If your brand or product can or has become recognizable by one of its distinguishing features, serious contemplation should be given to protecting this feature through trade mark registration and enforcement. It may turn out to be one of the cheapest and most effective forms of marketing your business has ever invested in.
Placing marks on products to identify and protect ownership is nothing of modern origin.

The paintings of bison and horses in the Lascaux caves in southwestern France have markings indicating ownership; those paintings are approximately 17,300 years old. The blacksmiths who made swords for the Roman Empire placed stamps and seals on their products to speak to the quality of the weapons. The famous Munich-based brewery Löwenbräu has claimed use of its lion mark since 1383.
The value in a trade mark can be remarkable. Forbes magazine commissioned specialist consultancy firm Brand Finance in 2011 to calculate the most valuable brands in the world. The top three were as follows – Google (US$44.3b), Microsoft (US$42.8b) and Walmart (US$36.2b).

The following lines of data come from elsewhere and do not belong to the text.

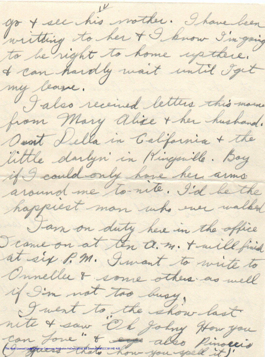 Personal Letter to Miss La Verne Woods – October 11, 1940, sent from Aldershot, England, United Kingdom, Page 4.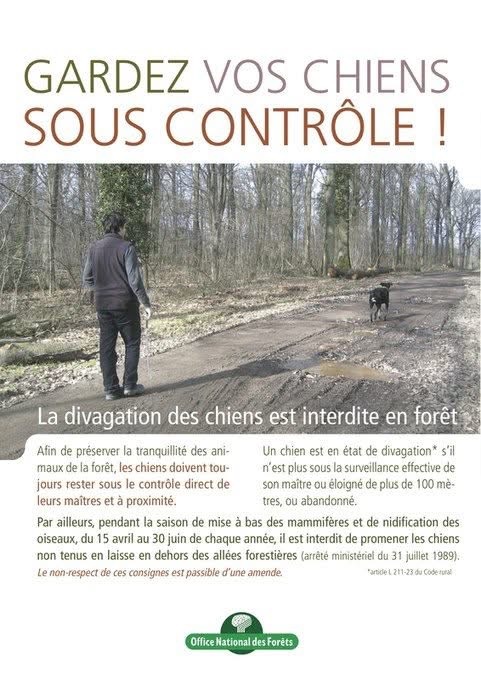 A partir d’aujourd’hui et jusqu’au 30 juin 2025, dans les bois et forêts, conformément à l'Arrêté du 16 mars 1955 relatif à l'interdiction de la divagation des chiens, il est interdit de promener des chiens non tenus en laisse en dehors des allées forestières.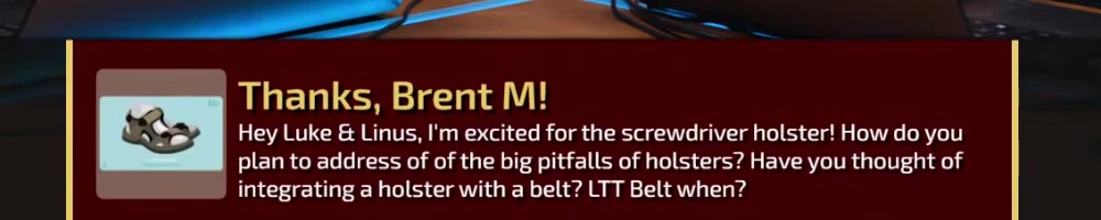 Hey Luke & Linus, I'm excited for the screwdriver holster! How do you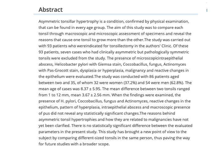 READ MOREObjectives: Asymmetric tonsillar hypertrophy is a condition, confirmed by physical examination, that can be found in every age group.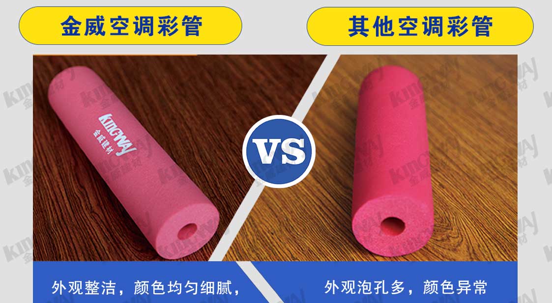 金威空調(diào)彩管優(yōu)選材質(zhì),具有良好的柔韌性,便于安裝操作,適用于空調(diào)的冷媒介質(zhì)系統(tǒng)中的銅管保溫領域。

Please be reminded that these astronomical figures relate to the value of these companies’ brands alone. The organization analyzed the potential future returns that could be accrued from each asset, based on an assessment of how much it would cost to license from a third party.

When reading this information about the possible wealth creation from the ownership of valuable trade marks, I couldn’t help but recall a piece from comedian Chris Rock’s standup performance entitled “Never Scared” in 2004. In this performance, the comedian attempted to articulate the difference between being rich and being wealthy. He quips that the dominant basketball center Shaquille O’Neal is rich, but the man that signs his cheque is wealthy. When citing his own desire for wealth, he mused that he wanted to have money like the family that owns the colour blue. Although the comedian was merely trying to garner a reaction by getting a point across, the ownership of a colour trade mark has come into focus recently in law suits involving French footwear designer, Christian Louboutin.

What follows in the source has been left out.